Background to this inspection
Updated
20 November 2017
Newmedica Community Ophthalmology Service is operated by New Medical Systems Limited. The service opened in December 2016 and is an ophthalmological day surgery unit providing cataract operations. Class four laser therapy treatments and follow up appointments are provided at a local outpatient facility under a service level agreement. The service is contracted to provide services to the NHS communities of Bristol, North Somerset and South Gloucestershire.
The service has had a registered manager in post since February 2017 and is registered with the Care Quality Commission to deliver the following regulated activities,
- Diagnostic and screening procedures
- Surgical procedures
- Treatment of disease, disorder or injury
We inspected this service using our comprehensive inspection methodology. We carried out the announced part of the inspection on 13 September 2017 along with an unannounced visit to the service on 20 September 2017. This service had not been inspected previously.
Updated
20 November 2017
Newmedica Community Ophthalmology Service is operated by New Medical Systems Limited. The service provides NHS day surgical services for adults. Facilities include one operating theatre, and three recovery rooms. The service also provides neodymium-doped yttrium aluminium garnet (YAG) laser therapy at a separate outpatient facility.
We inspected the day surgical unit only using our comprehensive inspection methodology. We carried out the announced part of the inspection on 13 September 2017 along with an unannounced visit to the service on 20 September 2017.
To get to the heart of patients’ experiences of care and treatment, we ask the same five questions of all services: are they safe, effective, caring, responsive to people's needs, and well-led? Where we have a legal duty to do so we rate services’ performance against each key question as outstanding, good, requires improvement or inadequate.
Throughout the inspection, we took account of what people told us and how the provider understood and complied with the Mental Capacity Act 2005.
Services we rate
We rated this service as good overall.
We found good practice in relation to surgical care:
- Staff said they felt able to report incidents and that there was a good reporting culture. Lessons were learned and actions were taken when things went wrong
- Staff understood their responsibilities under the duty of candour, although staff had not had to apply this regulation.
- There were processes, systems and audits to assure services were delivered safely.
- There were reliable systems to prevent and protect people from healthcare-associated infections. We observed good hand hygiene practice in clinical areas and patients confirmed this.
- There were safe arrangements for the management of waste and clinical specimens to prevent accidental injury or cross contamination
- During the reporting period, there were no incidences of hospital-acquired infection.
- Staff followed protocols to manage medicines safely and all medicines were stored and administered safely and securely.
- Patient records were well maintained and clear to follow and securely stored.
- We observed good compliance with the World Health Organisations (WHO) surgical safety checklist.
- There were sufficient staff on duty at the time of our inspection to meet patients’ needs.
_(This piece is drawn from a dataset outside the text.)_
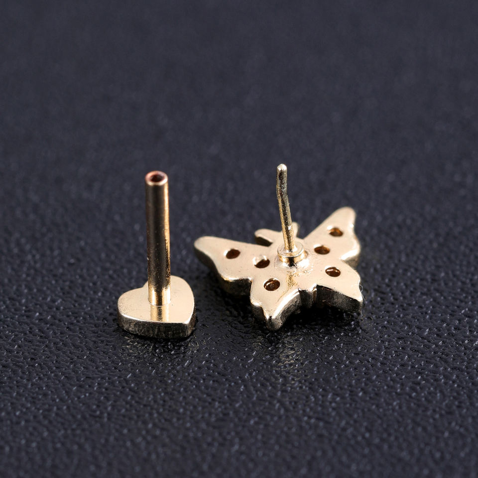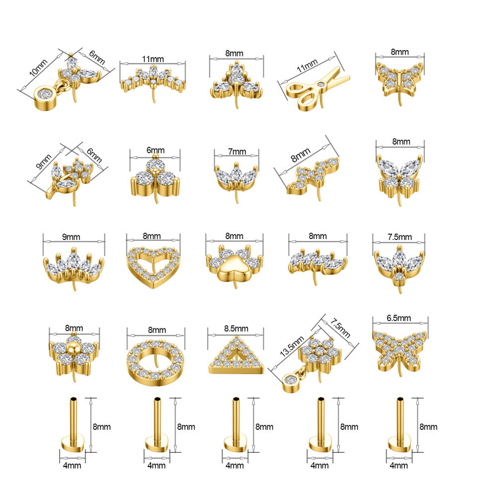 10 pièces/ensemble or hélice Tragus boucle d'oreille goujon 18g 8mm sans fil pousser dans boucle d'oreille Labret dos plat fleur Cartilage Piercing bijoux

- Staff recruitment data, such as references and qualifications were held in an electronic database, which could be accessed at any time by local management staff.
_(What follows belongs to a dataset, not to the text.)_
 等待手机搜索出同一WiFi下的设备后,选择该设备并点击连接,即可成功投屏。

- Consultants and nursing staff understood the relevant consent and decision-making requirements of legislation and guidance. Consent practices were in line with guidance and best practice.
- Feedback from people who used the service, those who were close to them and stakeholders was positive about the way staff treated people.
- Patients had timely access to initial assessment, diagnosis and treatment.
- Care and treatment was only cancelled when necessary and no operations had been cancelled during the reporting period.
- There was equal access to people who were visually impaired and had physical disabilities.
- Information was provided pre-operatively on how to make a complaint or raise a concern.
- The organisation actively sought the views of patients and staff about the quality of the service provided
- There was an effective governance framework to deliver good quality care and good arrangements for identifying, recording and managing risks
However
- Senior staff had not received training in the duty of candour.
- Whilst good practice was observed during the inspection, we could not see the overall performance statistics for compliance with the World Health Organisation (WHO) surgical safety checklist.
- The WHO checklist was not yet fully implemented for those patients undergoing class four laser therapy laser treatment at the outpatient facility.
- Whilst Newmedica collected patient feedback data and gave all patients feedback cards, they had a low response rate. This was being looked into during the time of our inspection.
- There was a systematic programme of clinical and internal audit but it was not fully embedded into practice. Some of the audits had only recently started due to the infancy of the service.
- Procedures to identify a deteriorating patient were limited..
- Some of the staff mandatory training data was held at corporate level and staff at local level could not easily access this information
Following this inspection, we told the provider that it must take some actions to comply with the regulations and that it should make other improvements, even though a regulation had not been breached, to help the service improve. Details are at the end of the report.
Amanda Stanford
Deputy Chief Inspector of Hospitals (hospitals directorate)
Updated
20 November 2017
Surgery was the only activity at the day-case unit.
We rated this service as good overall for the safe, caring, responsive, effective and well-led domains.